Question

1. # Which Statement Describes The First Step To Solve The Equation By Completing The Square? 3X2+18X=21

Solving an equation by completing the square is a method that allows you to solve for the value of an unknown variable in a given equation. This technique is used when the equation has terms that contain an unknown squared value, such as x2 or y2. The first step in solving an equation by completing the square is to identify the coefficient of the squared term and divide it by two. This number will then be used to create a perfect square trinomial on one side of the equation and also be subtracted from both sides of the equation. In this article, we’ll take a look at how to use this method to solve 3×2+18x=21.

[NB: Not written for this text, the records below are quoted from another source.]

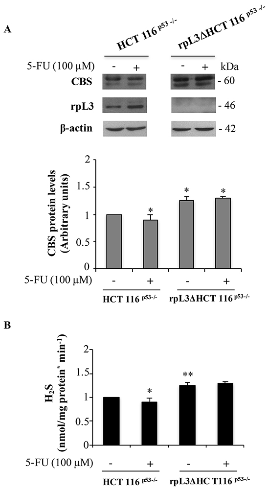 Figure 1: 5-FU induced rpL3 down-regulates CBS expression levels and H2S production. A. Western blotting of rpL3 and CBS protein expression. HCT 116p53-/- and rpL3Δ HCT 116p53-/- cells were treated or not with 100 μM 5-FU for 24 h. Protein extracts from the samples were analyzed by western blotting with antibodies against rpL3 and CBS. β-actin was used as loading control. Quantification of signals is shown. *P < 0.05 vs. untreated HCT 116p53-/- cells. B. Production of H2S from the same samples. **P < 0.01,*P < 0.05 vs. untreated HCT 116p53-/- cells. Results illustrated in Figure 1–7 are representative of three independently performed experiments.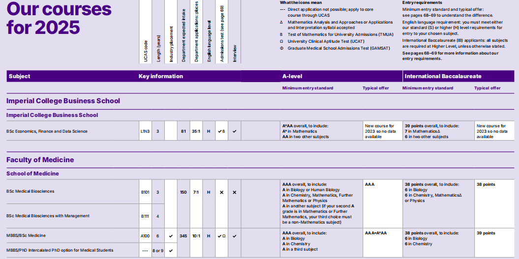 ◎A-level課程:申請者需提交3至5門A-level課程成績,分數要求在AAA至AAAAA*之間,具體分數要求取決于所申請的課程。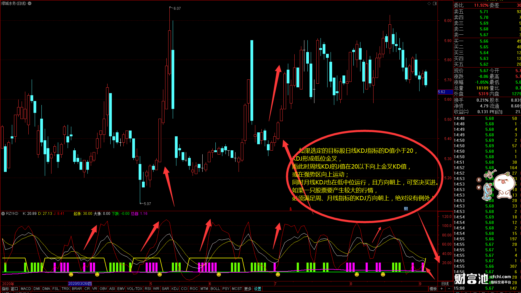 如果选定的目标股日线KDJ指标的D值小于20,KDJ形成低位金叉,而此时周线KDJ的J值在20以下向上金叉KD值,或在强势区向上运动;同时月线KDJ也在低中位运行,且方向朝上,可坚决买进。如果一只股票要产生较大的行情,必须满足周、月线指标的KDJ方向朝上,绝对没有例外!
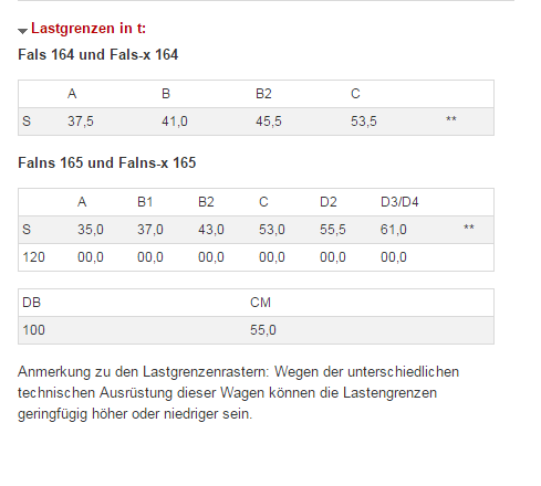 Wie der Thread-Titel schon besagt würde ich gerne erfahren, wie man Lastgrenzen liest und versteht. Dazu hab ich als Beispiel mir Lastgrenzen von dieser Seite (http://www.gueterwagenkatalog.…736/fals_164.html?start=0) abfotographiert.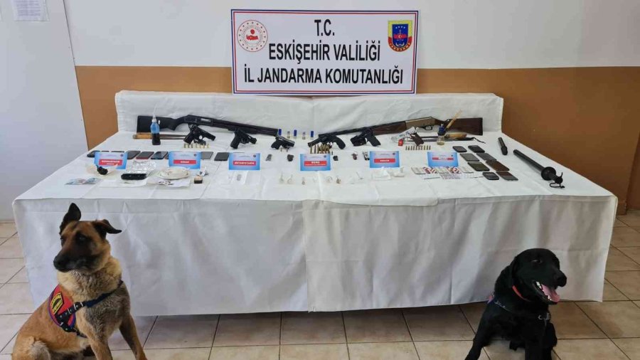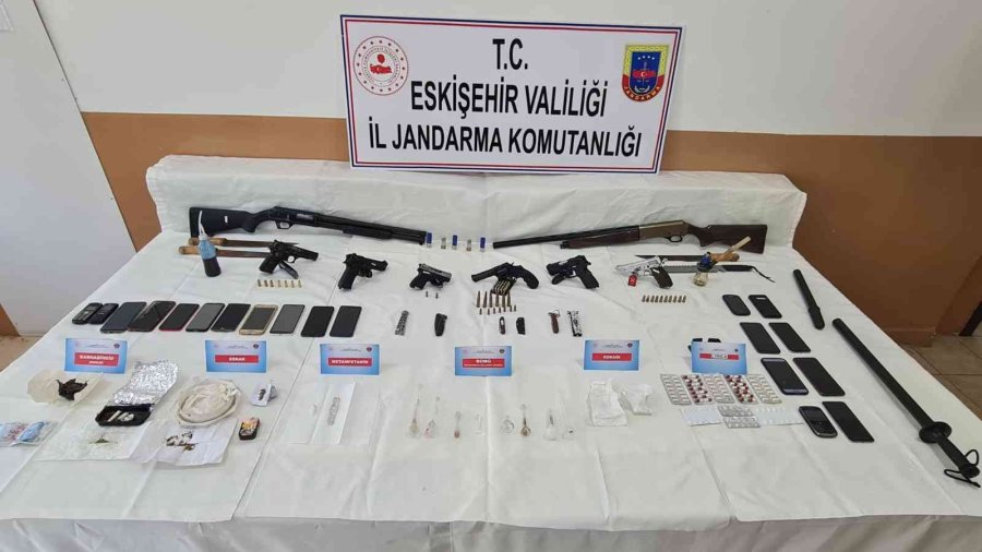 150 Jandarma personeli ve Narkotik Köpek Timleri'nin katılımı ile yapılan aramalarda; 175 gram metamfetamin, 160 gram bonzai, 5 gram kokain, 171 adet sentetik uyuşturucu hap, 7 kök ekili kenevir bitkisi, 3 adet uyuşturucu satışında kullanılan hassas terazi, 33 adet uyuşturucu kullanma aparatı, 3 adet ruhsatsız tabanca, 17 adet 9 mm çapında tabanca mermisi, 3 adet kuru-sıkı tabanca ve bu tabancaya ait 31 adet mermi, 2 adet ruhsatsız av tüfeği ve 5 adet fişek, 4 adet pala, 6 adet sustalı ve kelebek tabir edilen bıçak ile 2 adet jop ve 19 adet cep telefonu ele geçirildi.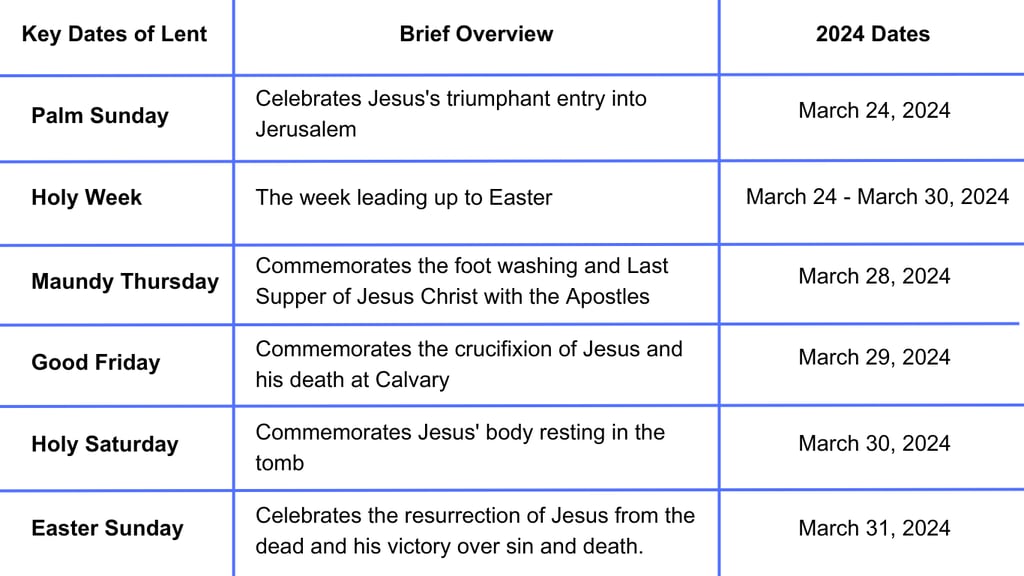 Key Dates of Lent for Holy Week 2024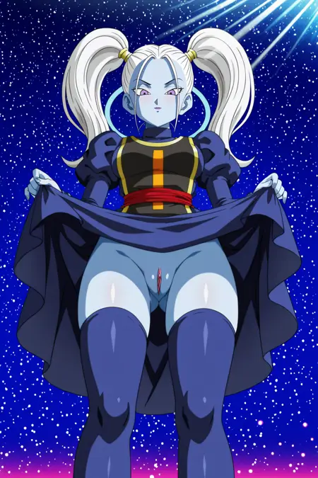 marcarita \(dragon ball\), long hair, twintails, purple eyes, white hair, makeup, colored skin, blue skin,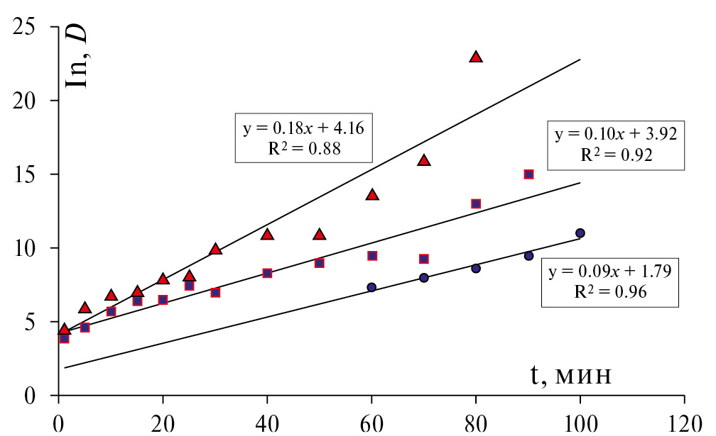 Исследовать их в таком виде трудно, поэтому мы построили логарифмическую зависимость ln(D) от времени t (рис. 7). Полученные три новые зависимости аппроксимируются линейной функцией с разными наклонами, отвечающими разным скоростями укрупнения или изменения размера частиц D(t) = D0 + tg(α) t, где t – время наблюдения, D0 – начальный размер, с которого начинается измерение, α – угол наклона линии тренда, а тангенс α – логарифм натуральный скорости укрупнения V. При построении этих логарифмических зависимостей необходимо учесть тот факт, что при температуре 25°C зависимость от времени наблюдения размеров частиц от нуля до 60 мин мала. Поэтому мы их при построении зависимостей на рис. 7 не учитываем и строим зависимость для 25°C со времени, равного 60 мин. Таким образом, учитывая экспоненциальную зависимость процесса укрупнения частиц при анализе последней, на рис. 6 мы обрезаем функции сверху, чтобы показать все три функции (показываем зависимости размеров от времени от 0 до 160 мкм), а на рис. 7 обрезаем снизу (приводим зависимости при 25°С для интервала времени наблюдения от 60 мин до 100 мин).

## What is completing the square?

The first step to solving the equation by completing the square is to take the square root of both sides of the equation. This will give you the equation x+x=y. Next, you will need to complete the square by adding the square of the y-value to both sides of the equation. This will give you the equation x+x+y^2=y^2. Finally, you will need to solve for x by subtracting y^2 from both sides of the equation. This will give you the equation x=y^2-y.

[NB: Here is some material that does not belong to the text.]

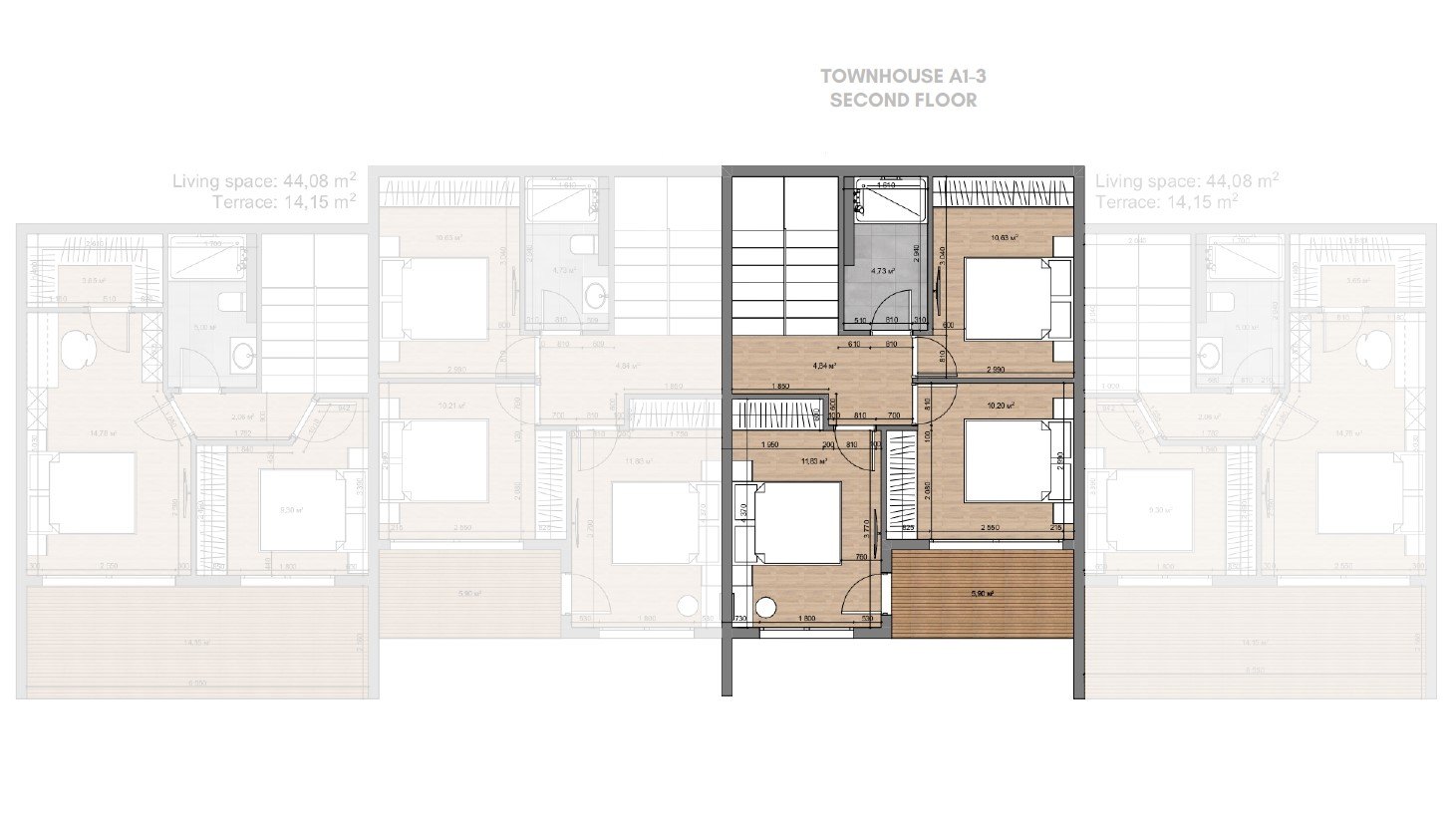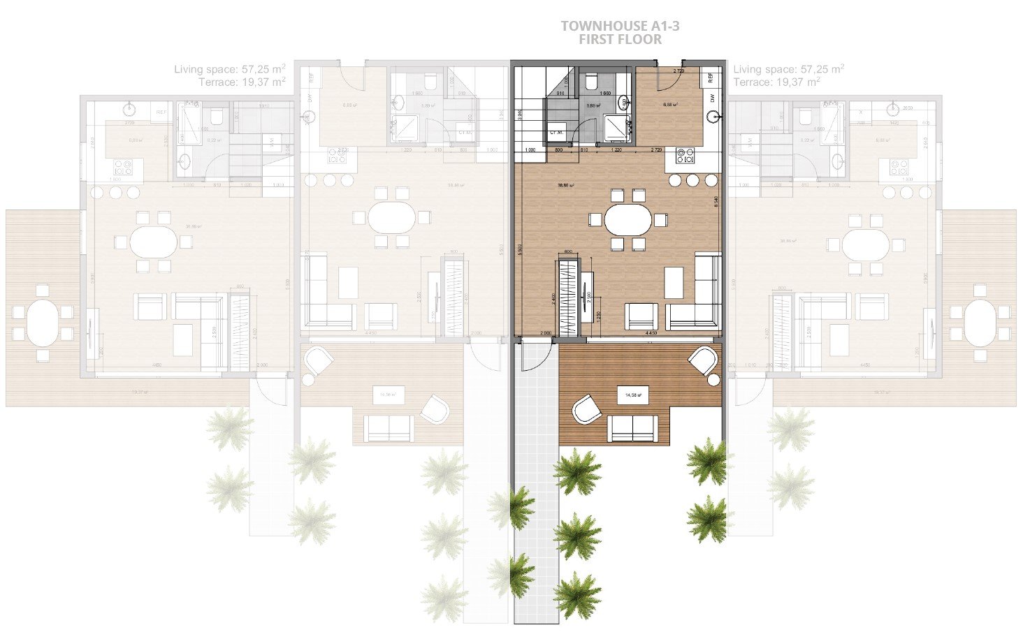 Kuća ima 134,85 m2 na zemljištu od 200m2, sastoji se od dnevnog boravka sa kuhinjom, 3 spavaće sobe, 2 kupatila, 2 terase i parkinga.

## How to solve equations by completing the square

To solve an equation by completing the square, the first step is to identify the coefficient of x^2 and multiply it by 1/2. Then, take this result and square it. Add this value to both sides of the equation. On the left side of the equation, you will now have a perfect square trinomial. On the right side of the equation, you will have a constant.

## The first step to solving the equation by completing the square

In order to solve the equation by completing the square, the first step is to take the square of each side of the equation. This will ensure that the equation is balanced and that there is no lost information. Once this is done, you can then proceed to solving the equation as usual.

## Example equation

In order to solve the equation by completing the square, the first step is to take the equation and rearrange it so that all of the terms are on one side, and the constant is on the other. For this equation, that would mean adding 2x to each side. The new equation would look like this: x+x=2x.

## Conclusion

Solving equations by completing the square is a great way to practice your algebraic skills. As we have seen, the first step of this process involves rewriting the equation in such a way that one side is equal to zero and includes a perfect square trinomial. Once you have done this, you can then use the completed square formula to determine what value must be added or subtracted from each side in order to solve for x. With practice and patience, completing the squares can help you master solving equations with ease!

2. The equation 3×2 + 18x – 21 can be solved using the completing the square method. This is an algebraic technique used to solve a quadratic equation by taking the variables to one side and a constant number, often referred as a ‘constant term’, to the other side. The first step of this process requires identifying and separating both sides of the given equation into either binomial or trinomial forms.

The binomial form for this particular equation is 3×2 + 18x = 21 and can be written in terms of its two distinct parts – 3×2 and 18x. It should then be easy to recognize that on one side, you have a perfect square (3×2) while on the other side you have an imperfect square (18x).

3. Are you stuck trying to figure out the first step to solve the equation by completing the square?

Don’t worry, you’ve come to the right place! In this blog post, we’ll explain what you need to do in order to complete the square and solve the equation.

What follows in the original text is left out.